Lost circulation is one of the major causes of nonproductive time in drilling operations. If the near wellbore stress state dictates that they should, induced fractures initiate and propagate away from the wellbore and fluid is lost into the formation. This is particularly true for wells being drilled in complex geological settings (such as deep water or highly depleted zones/intervals). Several geomechanical mechanisms (e.g., near wellbore fracture propagation, thermo-poroelastic processes, mud cake formation, etc.) can act together to control near wellbore stress field, induced fracture characteristics and associated lost circulation risk. If induced fracture characteristics can be accurately predicted, loss circulation materials can be added to the system to plug fractures of different size(s) and width(s) to increase fracture re-initiation pressure (FRIP). This phenomena is also referred as "wellbore strengthening" in the literature.

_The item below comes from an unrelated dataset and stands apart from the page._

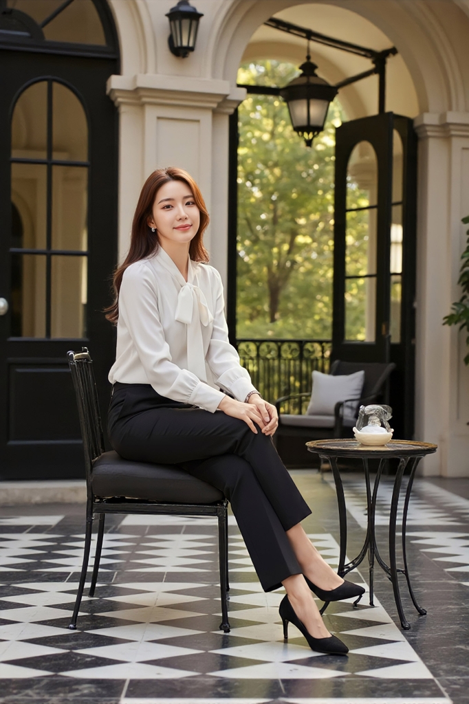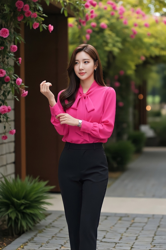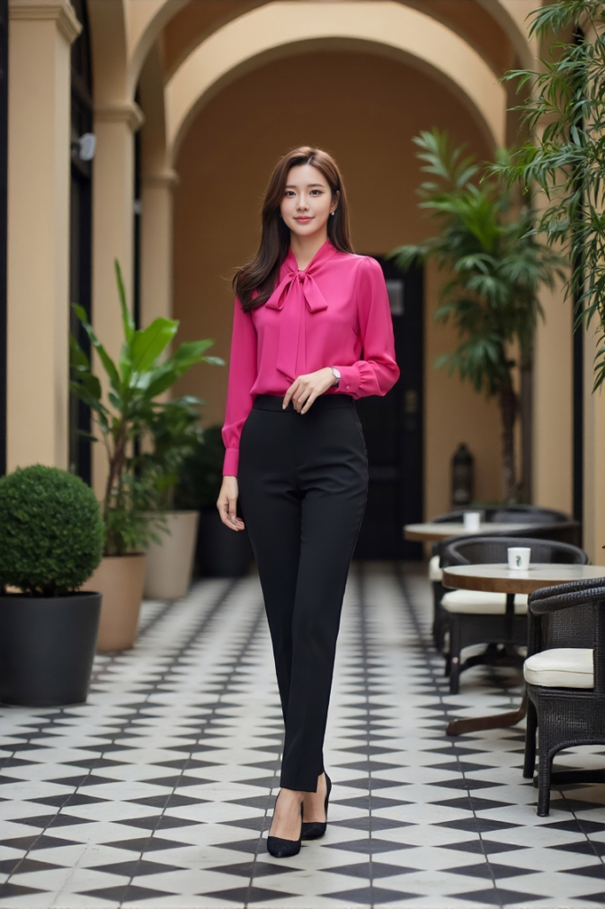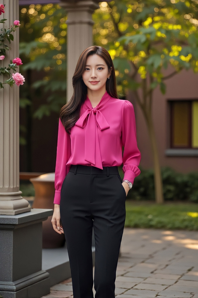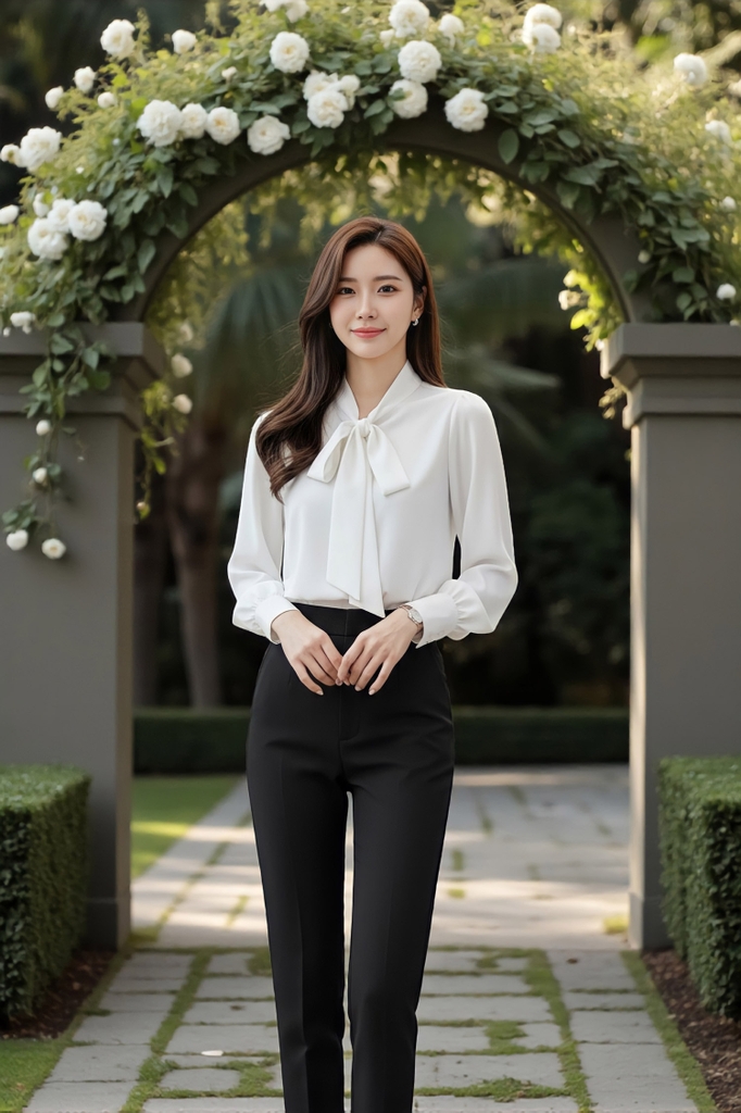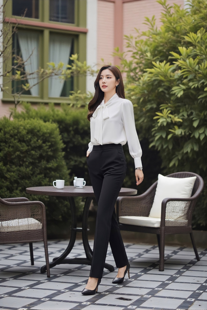 Cổ nơ cách điệu: Điểm nhấn duyên dáng, mang lại vẻ đẹp nữ tính, tri thức mà vẫn giữ được nét chuyên nghiệp của môi trường văn phòng.
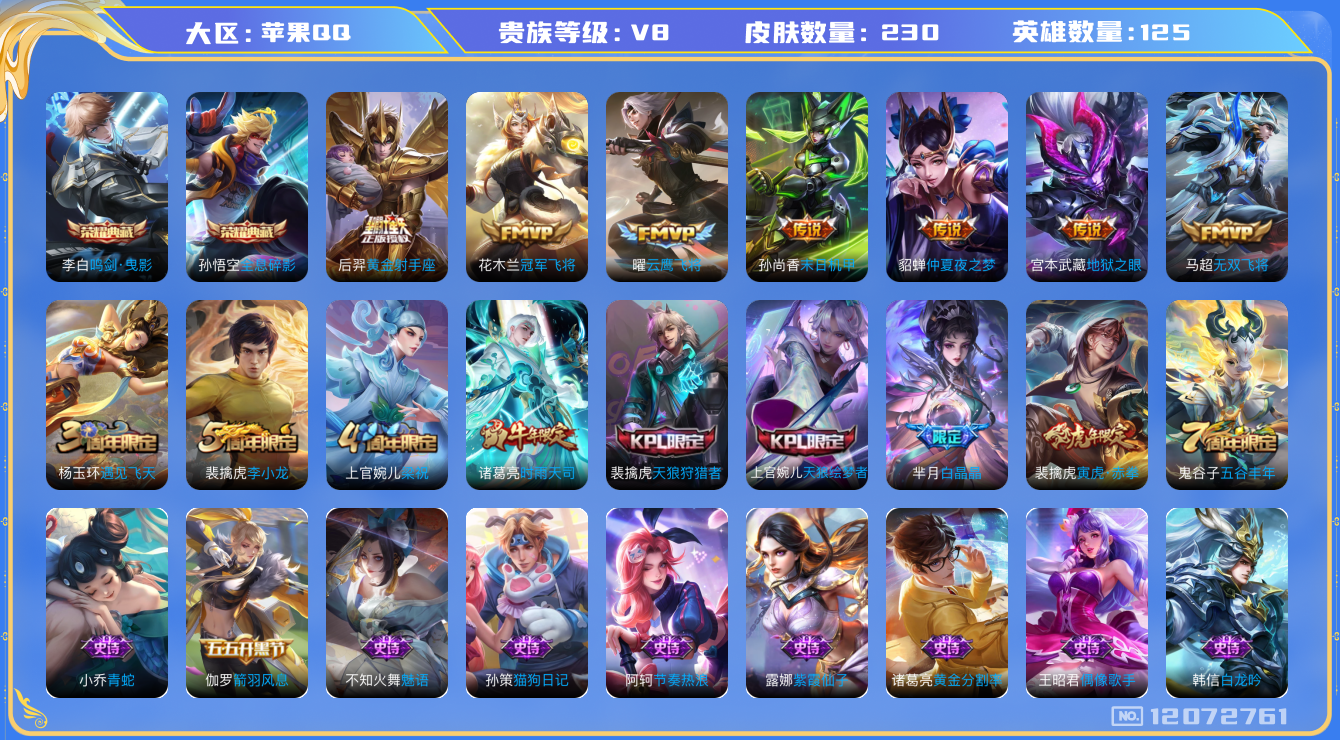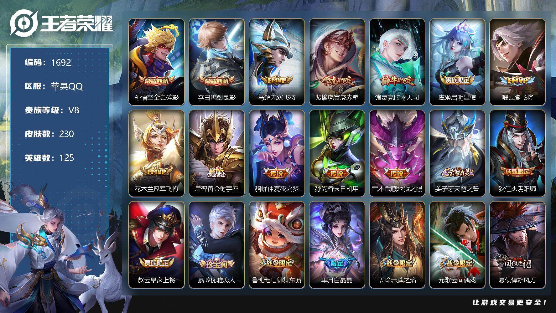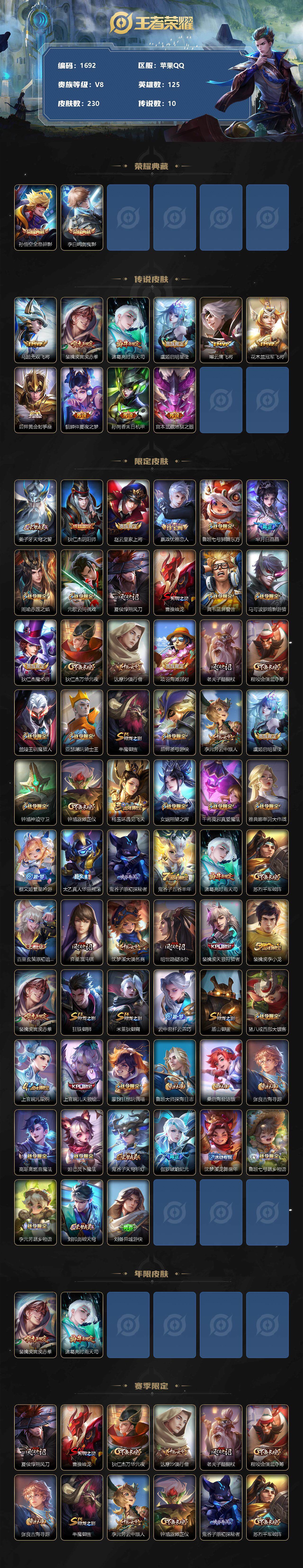 [12072761]【商品标题】:苹果Q-V3-最强王者段位-125英雄-230皮肤-2典藏-0珍品无双-0无双-0珍品传说-10传说-60史诗

Induced fracture characteristics are predominantly controlled by the near wellbore stress field. Therefore, one of the prerequisites for a successful design is to establish a workflow (that integrates multiple mechanisms within the framework of a geomechanical engine) to calculate a realistic stress field around the wellbore, to asses induced fracture risk and to come up with an effective wellbore strengthening strategy.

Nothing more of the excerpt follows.